Tuesday, February 27, 2007

DOING PUBLIC DIPLOMACY IN A FRACTURED WORLD

Diplomacy in a fractured world

From The Statesman
ND Batra

Even if it were possible to eliminate Islamic jihadism, some new dangerous ideology would arise to threaten peace and our most cherished ideals of freedom and equality.There would never be a time when we can say that we have won the war of ideas.

It is a perpetual struggle. Ultimately, it is the mind that is the battlefield. You could look at history as progress, like a train going to some destination, leaving the past behind.Or you could imagine history as an uninterrupted landscape, where past, present and future co-exist in dynamic tension. Even if India and Pakistan were to sign a final peace accord over Kashmir, some people would continue blowing up trains.

Some people believe that all that the USA needs is a new image and therefore it must re-brand itself, just as corporations do. That shows poor thinking. To a great extent, a corporation can control its message and its image because it is the sole source of information about itself. But you cannot control the image of an open society because there are so many independent actors, institutions and corporations; for example, Hollywood, Hip-Hop, the US military, corporate America, Anna Nicole Smith, Wal-Mart, Google ~ all of them contribute to the US image abroad.And now add to all this the havoc caused by the horrific images of innocent people being daily blown up in Baghdad; or a Sunni woman going on Al Jazeera television and painfully saying that she was raped by the police, who are mostly Shia.And the US military’s helplessness in doing much about it.

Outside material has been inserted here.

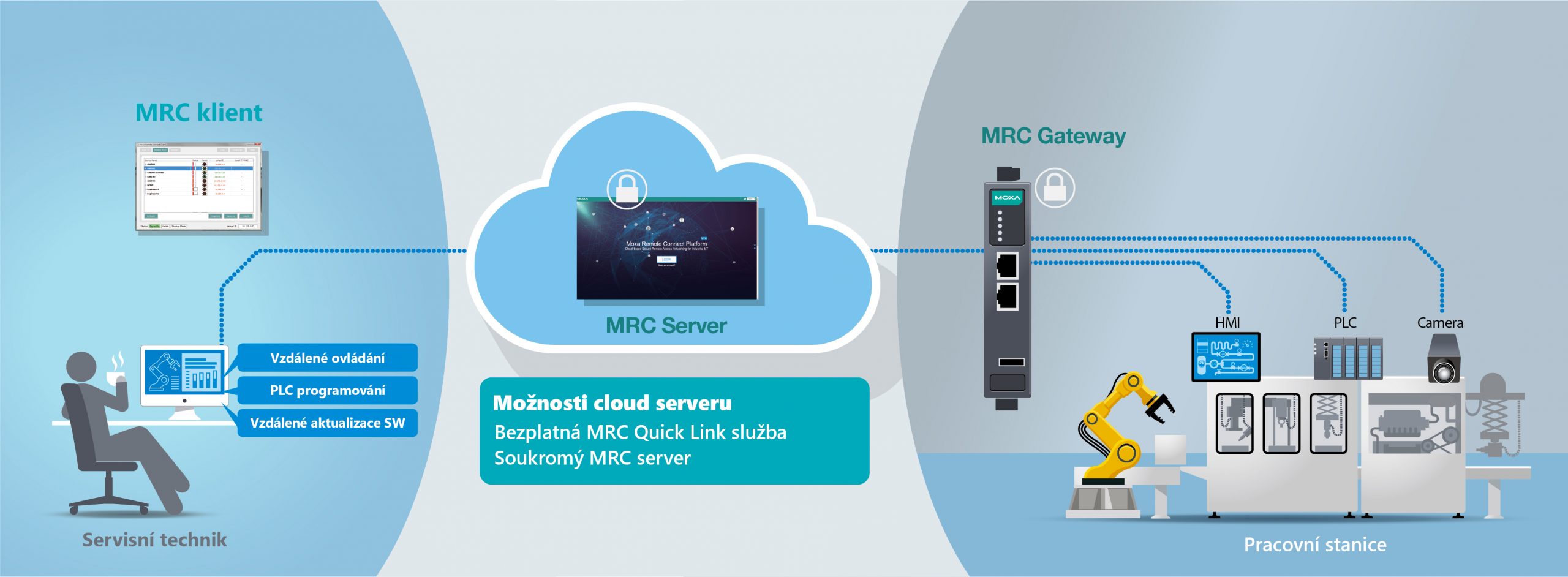 Jedná se o snadný vzdálený přístup k vaším strojům (PLC, HMI) a automatizační struktuře, který vám pomůže snížit nutnost servisních návštěv na místě, zlepší dostupnost služeb, zvýší produktivitu a díky toho ušetří čás a další náklady. Řešení Moxa Remote Connect (MRC) a MRC Quick Line Service zaručují novou úroveň zabezpečení, snadného používání a flexibility v rámci vzdáleného přístupu.

The US image abroad is an “emergence” and its quality depends upon how much of the USA is present in a particular country. A country that is exposed to only Hollywood violent movies and video games is likely to have a distorted image of the USA.But if you add to it the presence of an IBM R&D center, university campus, cultural centre, and Nike factory, you would see how the image of the USA in that country begins to change. Keeping the emergent nature of the image, it should not be difficult to understand why the public image of the USA differs from one country to another.The image depends upon the quality and the extent of its presence and its usefulness to the country.

American corporate presence in India has generated goodwill, which a public opinion poll might miss measuring if it were to pay attention to an occasional demonstration against a global retailer such as Wal-Mart trying to establish a foothold in the marketplace. Even the smartest public diplomacy campaign won’t change perceptions overnight, especially when the USA is engaged in multifarious activities abroad. Events might occur beyond its control, which could further blur the image in some countries. No quick fix crisis communication would help.

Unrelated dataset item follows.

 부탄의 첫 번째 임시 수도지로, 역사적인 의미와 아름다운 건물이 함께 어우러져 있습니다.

The always-on, 24-hour global communication, blogs, instant messaging, chatrooms, and news cycles, make it impossible for practitioners of public diplomacy to devise a central strategy to impose a message discipline, as it can be done in advertising campaigns for a product or a political candidate.Nor is public diplomacy like a political campaign, where negative campaigning could kill an opponent with a devastating effect. In an environment of decentralised communications, you might still control the message, but you cannot control the meaning when instant alternative interpretations, Al Jazeera, for example, are available.

Each nation is different, so what works in Indonesia may not work in Nigeria or Pakistan. The challenge is to find the right vehicle to embody the message for a specific local audience. Al-Qaida uses local clerics to spread its jihadist message. Public diplomacy practitioners must use local leaders to champion and advance their cause and they should do so in such a manner that it makes the local people feel good about their own society, while at the same time generating goodwill towards the USA. There was a time when Hollywood was the best cultural export, but now many people believe that US popular culture, due to proliferation of senseless violence and explicit sex, creates negative impressions in foreign audiences, despite the fact that the world has been spending billions of dollars importing American entertainment, filmed and taped programmes, as well as box-office hits.The global popularity of Oscar remains unparalleled.

The paradox is that in spite of negative feelings about American popular culture that it depicts profanity, nudity, mayhem and crime, its allure remains unabated even in the Muslim world.In any case, public diplomats, who want to win over the hearts and minds of the people, should not count upon Hollywood’s popular culture as the nation’s goodwill ambassador. Nor should India count upon Bollywood.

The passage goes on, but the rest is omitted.